Topic: "optimizing compiler" (Read 13471 times) previous topic - next topic

virtual1

update…  I decided to just do a global replace for "Serial." -> "//Serial." using bbedit.  After unreplacing the one include for the serial module itself, I did another compile to compare.  This was while leaving the debug define alone and enabled.

Before commenting out Serial. everywhere: 32k
AFTER commenting out Serial. everywhere: 38k

so, commenting out 244 serial commands led to an INCREASE of 6k in sketch size.

does anyone have a clue why this is happening?

kowalski

So is there some way to understand what is going on? Yes, there are tools to this. Not in the Arduino library but in the AVR toolbox. You can check what goes into the build and understand the difference and thus find the source to the problem. Below is a Linux shell script that I use to generate a list and symbol file (to reduce the Cosa footprint, do not what to end up with this type of problems ;-)
Code: [Select]

avr-size -C /tmp/build*.tmp/$1.cpp.elf > $1.lst
avr-objdump -d /tmp/build*.tmp/$1.cpp.elf >> $1.lst
avr-nm -CS /tmp/build*.tmp/$1.cpp.elf > $1.sym

The script generates size information and an assembly listing but also a symbol file.

"Know your numbers",

Cheers!

virtual1


Code: [Select]

avr-size -C /tmp/build*.tmp/$1.cpp.elf > $1.lst
avr-objdump -d /tmp/build*.tmp/$1.cpp.elf >> $1.lst
avr-nm -CS /tmp/build*.tmp/$1.cpp.elf > $1.sym



I haven't done that sort of thing before.  avr-size isn't in PATH on my mac (10 .8 )  Where do I enter that?  and the .elf files, are those generated somewhere by the compiler / when?  pretend I don't know anything about the ave commands, because I don't ;)    I AM very proficient with bash etc however.

kowalski

#18
Mar 05, 2014, 12:21 am Last Edit: Mar 05, 2014, 12:25 am by kowalski Reason: 1
Ok. I do not use a mac so this is hand-waving.

First you have to find the Arduino installation and locate the AVR tools bin directory. Add that to your PATH or simply execute the script from there. On my machine it is /opt/arduino-1.5.6-r2/hardware/tools/avr/bin.

Second check where the Arduino build puts the compiled files and replace the /tmp/build*/ etc with that path. Hint: Enable compiler printout in the Arduino IDE and look for the path when compiling.

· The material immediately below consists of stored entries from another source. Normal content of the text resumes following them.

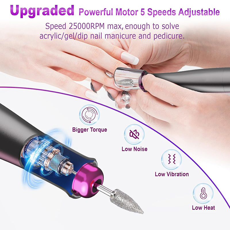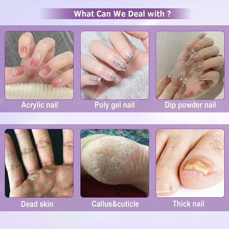 Elektriskā nagu urbjmašīna Uzlabotais jaudīgais motors ir lieliski piemērots visām jūsu manikīra un pedikīra vajadzībām, tostarp akrila nagu, poligēla nagu, vaboļu želejas, iemērc pulvera naglu, kutikulas, atmirušās ādas, ādas klepu un biezu nagu noņemšanai.
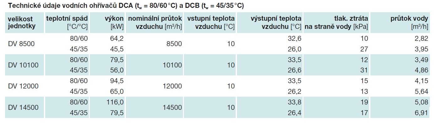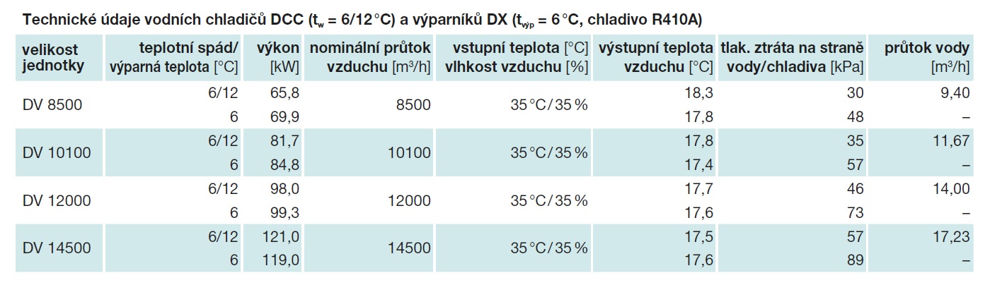 * při jmenovitém průtoku vzduchu, te = -12 °C / 90 % r.v., ti = 22 °C / 50 % r.v., te = 35 °C/35 % r.v. (LÉTO); ** pro uspořádání – přívod: filtr F7+DV+DCB, odvod: filtr M5+DV; *** v závislosti na výbavě jednotky (bez MaR) Výkon vodního chladiče DCC pro te = 35 °C / 35 % r.v., tw = 6/12 °C. Výkon vodního ohřívače DCA pro te = 10 °C, tw = 80/60 °C. Výkon vodního ohřívače DCB pro te = 10 °C, tw = 45/35 °C. Výkon přímého výparníku DX pro chladivo R410A, te = 35 °C / 35 % r.v., tvyp= 6 °C.
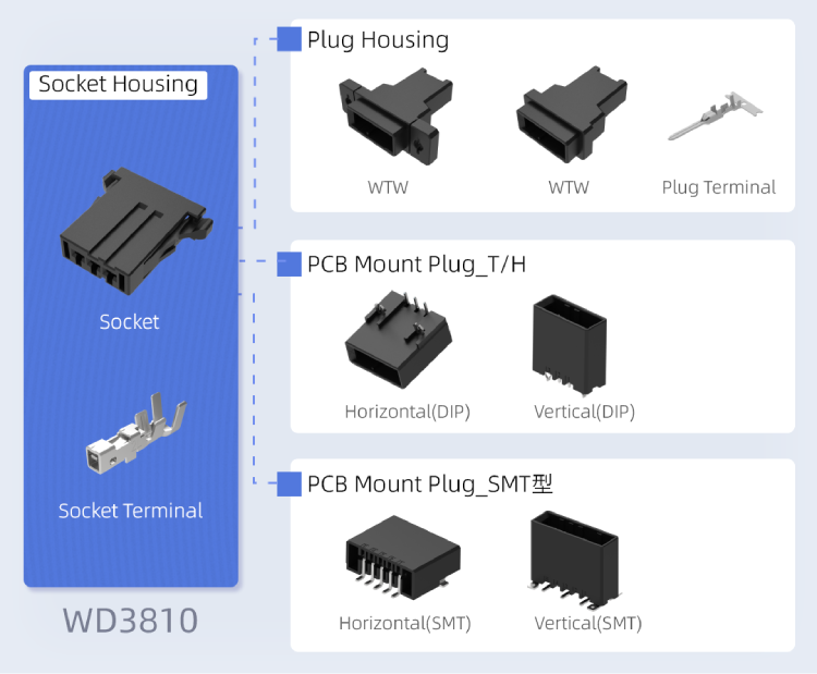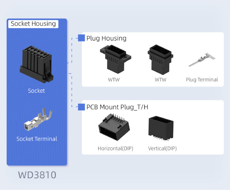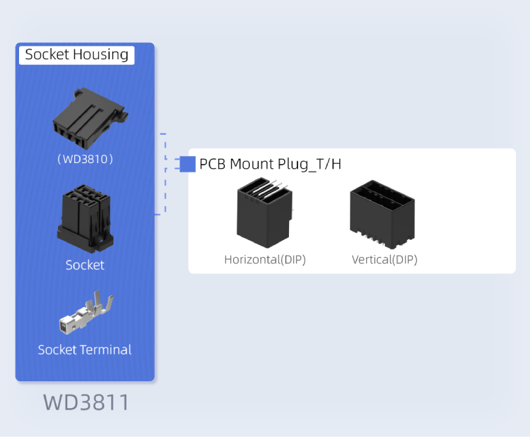 The WD3810 and WD3811 series are wire to board and wire to wire connectors. Featuring a compact 3.81 mm pitch and available in both vertical and horizontal cable exit orientations, these connectors are designed to accommodate high-density PCB layouts, facilitating device miniaturization.
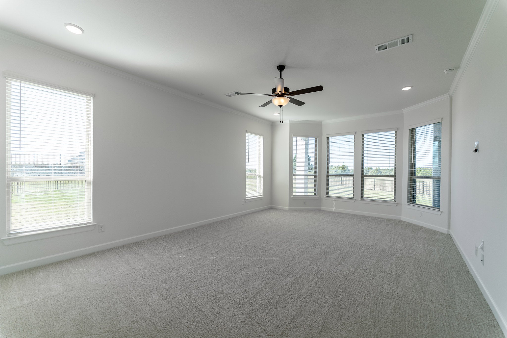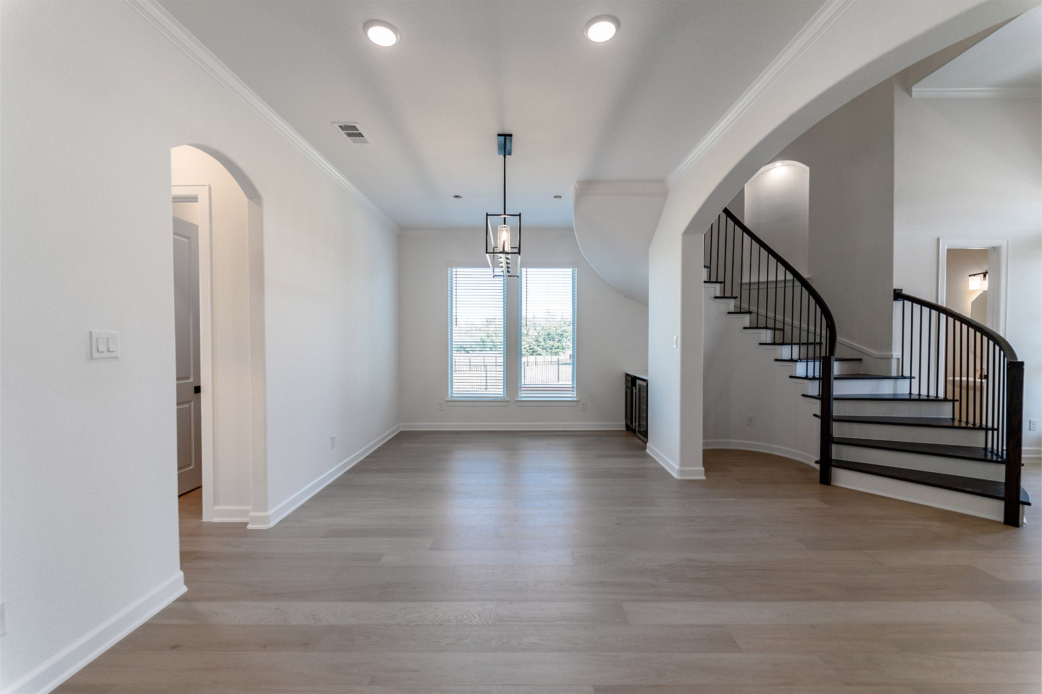This sprawling Laguna III floor plan will sweep you off your feet. Space is no issue in this five-bedroom, four-and-a-half bathroom home. The grand foyer boasts a beautiful spiral staircase, a convenient downstairs powder bathroom, a guest bedroom that you can transform into a secluded study room, the entry to your walk-in utility room and your two-car garage. You can even opt to include an extra half-car space in the garage for storing your tools and supplies or a two or three-car side load garage. The elegant gallery leads you to your welcoming formal dining room and your two-story family room that opens up to the island kitchen and conjoined breakfast room. Your kitchen is nothing short of luxurious with granite countertops, an island, and a huge walk-in pantry and butler's pantry allowing more storage space. Right off the breakfast room is the entry to your massive covered patio, perfect for spending time outdoors. Enjoy relaxing in your luxurious master suite with dual walk-in closets and double separate vanities. Upgrade your master bedroom by opting for an elegant bay window letting the natural light stream through, or add a door to your covered patio - the choice is yours. Up the grand staircase is a gameroom that your guests will love having game nights in, as well as an attached cozy media room that is perfect for movie nights at home with the family. Additionally, you are met with the three remaining bedrooms with walk-in closets and two full bathrooms. If you are not needing an extra bedroom, feel free to transform the fourth bedroom into a study room. Take your second story to new heights with the option of a covered balcony that all your friends and family can enjoy. The Laguna III boasts incredible options and desirable included features that will accommodate most any lifestyle. With this layout, you can personalize your Laguna III home the way you have always envisioned. Rest assured, you'll fall in love with this home and the open-concept layout.
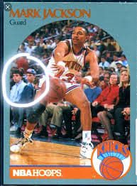 I save my favorite example of these kinds of cards for last, though. It’s the best because of its nefarious nature. The card is from 1990 and it features the New York Knicks’ Marc Jackson. To glance at it you may think it is an ordinary card, just a player driving up the court with the crowd in the background. But it is what lurks in that background that makes this card so chilling.
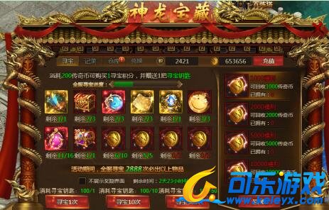 1.活动期间可以在神龙宝藏中抽取各种稀有材料和传奇币
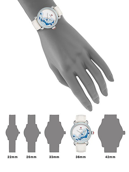 Michele Watches - Seaside Diamond, Topaz && Lizard-Embossed Leather Strap Watch
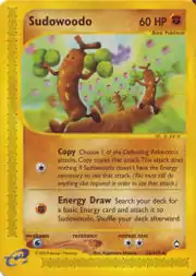 Sudowoodo (Japanese: ウソッキー Usokkie) is a Fighting-type Basic Pokémon card. It is part of the Aquapolis expansion.
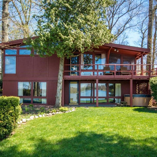 This light filled mid century modern home makes the most of the Lake view and offers plenty of space to enjoy your time there. Unique vintage fireplace and beams throughout. Love the wraparound deck on the south and east sides, lets you soak up the sunshine, wherever it may fall.
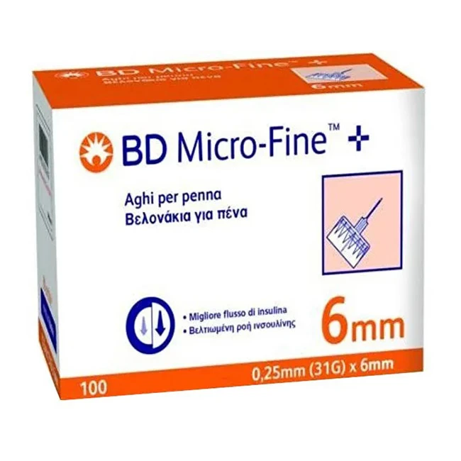 BD Micro-Fine 31 G/6 mm, 0,25 mm x 6 mm. Aghi sterili per penna, migliore flusso di insulina. Compatibili con tutte le penne per il trattamento del diabete. Dispositivo medico.
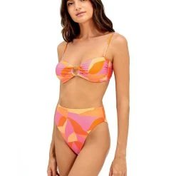 High waisted bikini bottom that provides medium coverage with a high leg on an exclusive opaque crepe texture fabric.
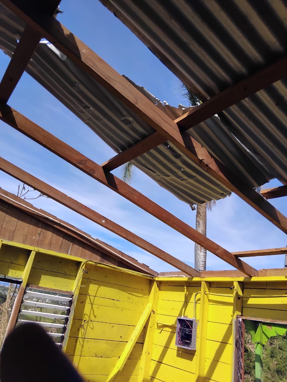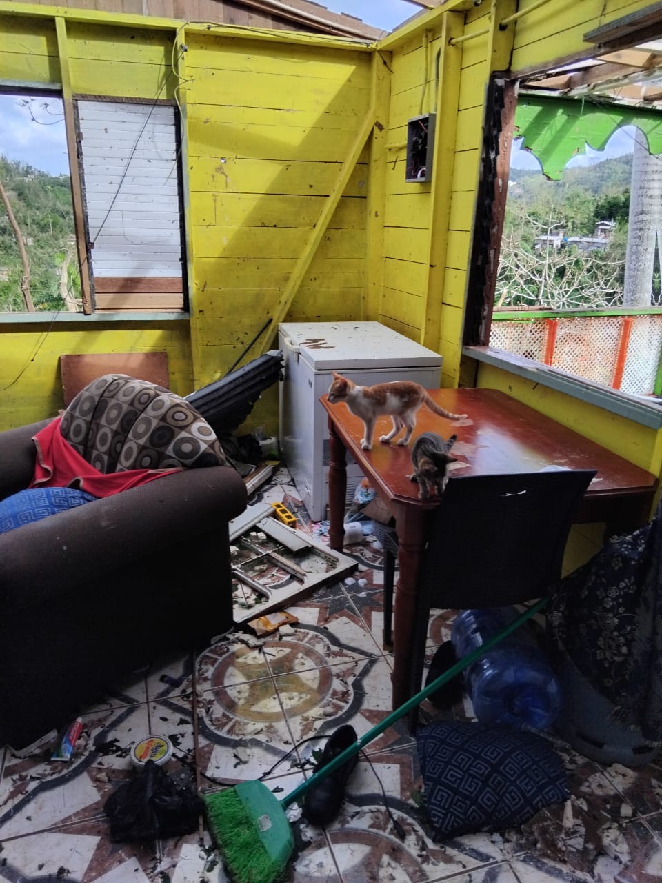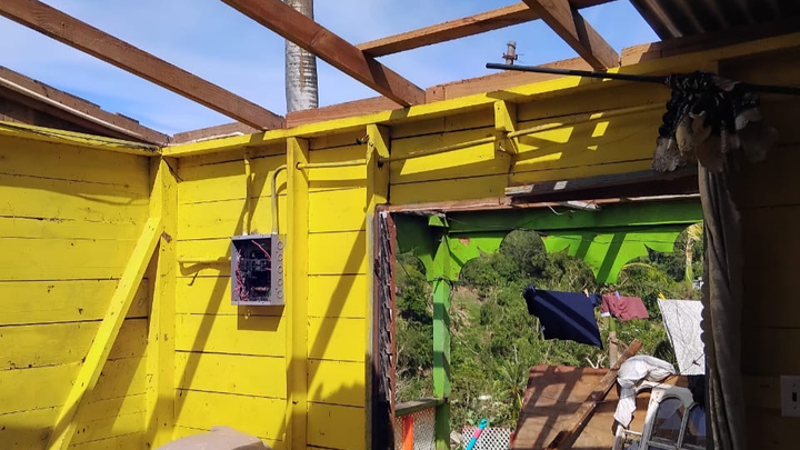 The photos we have shared is the home of our driver David. His roof came off, windows damage and his furniture and possessions were flooded with water.
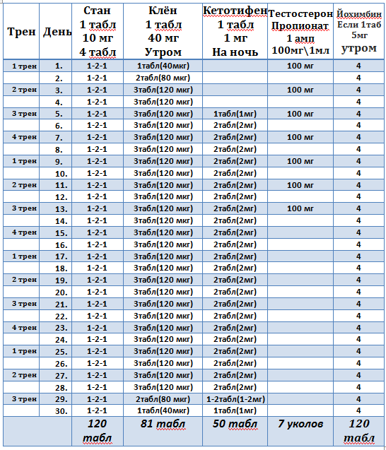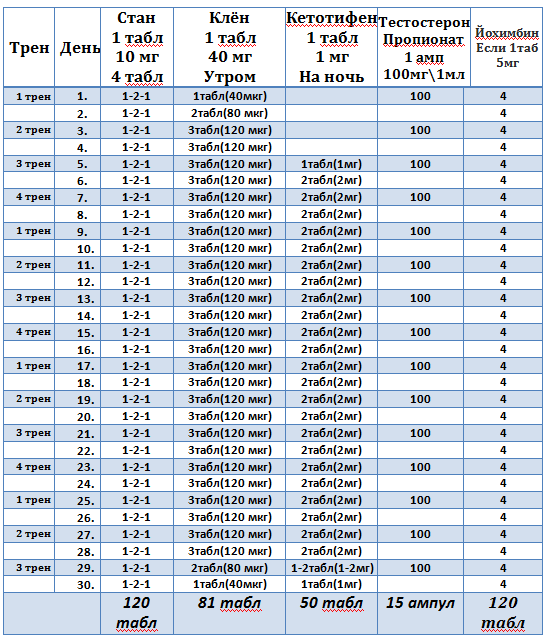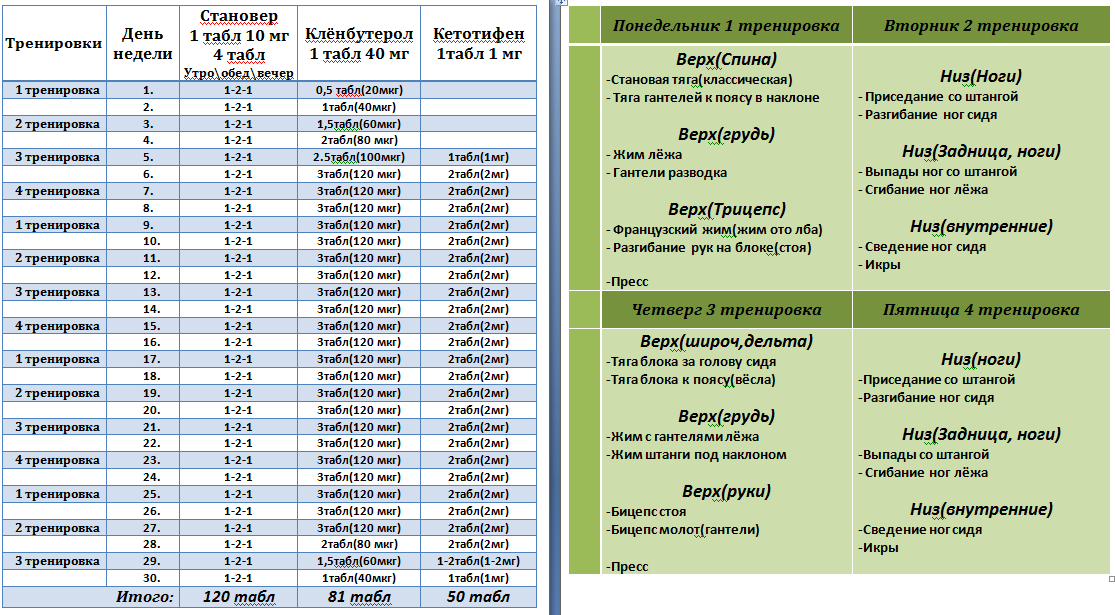Курс приёма становер+клнбутерол+кетотифен и график тренировок, тренировки проходят в режиме 3х15-20.

When you get this working I will be waiting for the next question ;-)

Cheers!

virtual1

First you have to find the Arduino installation and locate the AVR tools bin directory. Add that to your PATH or simply execute the script from there. On my machine it is /opt/arduino-1.5.6-r2/hardware/tools/avr/bin.


Here that's wherever you put the app, dug in thusly:

Arduino 1.0.5.app/Contents/Resources/Java/hardware/tools/avr/avr/bin

and in that folder we have:
Code: [Select]

ar
as
c++
cpp
g++
gcc
gccbug
gcov
ld
nm
objcopy
objdump
ranlib
strip


Quote
Second check where the Arduino build puts the compiled files and replace the /tmp/build*/ etc with that path. Hint: Enable compiler printout in the Arduino IDE and look for the path when compiling.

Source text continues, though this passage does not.